One of the most important effects I implemented is the already mentioned compressor: it constantly monitors the source audio stream, and if the samples become louder than a specified threshold, it dampens the sound. I won't go into all the details (the book I mentioned earlier has them!), but the final implementation looks like this:

std::size_t compressor::read(float * data, std::size_t count)
{
    auto result = stream_->read(data, sample_count);

    for (std::size_t i = 0; i < result; i += 2)
    {
        float v = std::max(std::abs(data[i]), std::abs(data[i + 1]));
        float multiplier = (v > envelope_) ? envelope_attack_multiplier_ : envelope_release_multiplier_;
        envelope_ += (v - envelope_) * multiplier;
        float strength = strength_;
        float envelope_log = std::log(envelope_);
        if (geom::contains(knee_range_, envelope_log))
            strength *= geom::unlerp(knee_range_, envelope_log);
        float log_gain = strength * std::min(0.f, volume_threshold_log_ - envelope_log);
        float gain = std::exp(log_gain);
        data[i + 0] *= gain;
        data[i + 1] *= gain;
    }

    return result;
}

There's a bit of math going on, but it seems to work. Alan said that it is a good compressor, and I couldn't dream of a better acknowledgement :)
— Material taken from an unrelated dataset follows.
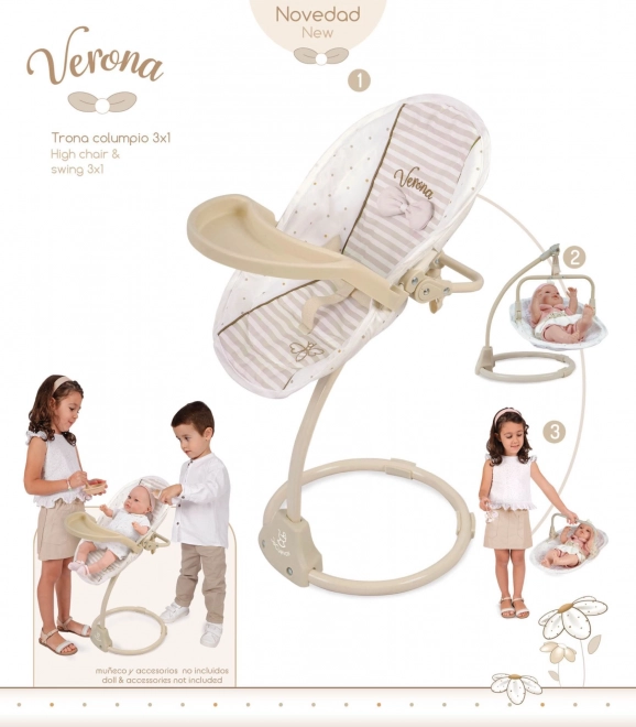 Elegantiškas ir praktiškas 3-ių viename rinkinys iš kolekcijos Verona sujungia valgomojo kėdutę, supynes ir nešioklę viename. Dėl nuimamos, dvipusės sėdynės su saugos diržais ir plastikinio padėkliuko žaisti lengva ir saugu. Šiuolaikiškas dizainas švelnių natūralių spalvų, kokybiškas apdirbimas ir paprastas valdymas pradžiugins kiekvieną vaiką nuo 3 metų.

Another Alan's tweet should have been here. Sigh.

Finally, to implement tracks I wanted to support loading raw, WAV and MP3 data. Raw samples data is trivial: store it in a buffer, copy it to the output in the read method. WAV support was almost trivial as well, since SDL_Audio supports loading WAV (although I hard-coded the data format to int16 and the frequency to 44100; I'll have to write some re-encoding myself in case I need a different WAV file).
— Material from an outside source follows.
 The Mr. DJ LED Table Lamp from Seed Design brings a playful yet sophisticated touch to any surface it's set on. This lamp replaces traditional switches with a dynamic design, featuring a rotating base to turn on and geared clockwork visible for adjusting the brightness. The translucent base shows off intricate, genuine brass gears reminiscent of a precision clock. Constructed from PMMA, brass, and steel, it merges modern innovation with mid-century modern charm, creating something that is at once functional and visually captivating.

To support MP3 files, I decided to use the minimp3 library. It does exactly what I need: stream-decodes MP3 data (as opposed to decoding it full in one go) and returns floating-point buffers. The only catch is that MP3 may have a different sampling rate (like the one I was testing it with – it was 48000 Hz), so I had to implement a resampler for that (a thing that converts one sampling frequency to another). Accidentally, the very same code can be used to implement a dynamic pitch effect.

In the end, I decided to have some fun & try implementing the Karplus-Strong guitar sound generation algorithm, which I also learnt from Alan. Did I already say how amazing Alan is? Anyway, here's me using my library in a test application to play a simple melody:

The code for this test app is here. It's audio setup looks like this:

mixer_ = audio::make_mixer();
volume_control_ = audio::volume_stereo(mixer_, 0.5f, 0.5f, 0.1f);
pitch_control_ = audio::pitch(volume_control_, 1.f, 0.025f);
auto compressor = audio::compressor(pitch_control_, audio::from_db(-2.f),
    0.95f, 0.002f, 1.f, audio::from_db(1.f));
pause_control_ = audio::pause(compressor, false, 0.01f);
engine_.output()->stream(pause_control_);

As you can see, it just creates a bunch of streams that feed one into another. And this is what happens when I press a key on the keyboard:

int midi = key_to_midi.at(key);
auto tone = audio::karplus_strong(440.f * std::pow(2.f, (midi - 69) / 12.f));
channels_[key] = mixer_->add(audio::fade_in(tone, 0.002f));

i.e. a source stream with a fade in effect to prevent an inital click.

The conclusion

I've spent about a week designing & implementing this library and I'm honestly really happy with it. I've learnt a ton about audio, and I have a solid foundation for improving the audio in my future projects, and MP3s now load instantly. I have no idea how convenient & performant it will turn out, but my experiments with the test application were quite encouraging.

Hello from the future! I'm still using this library and I'm genuinely happy with it. Even shipped my first commercial game using it! Easily one of the best parts of my pet game engine.

Feel free to inspect the code (it's quite readable, for the most part, I think) and/or even use the library. It's a bit integrated into my engine, but you could probably strip the dependencies easily. I'd encourage you to implement you own such library, though, – it's so much fun! And thanks for reading.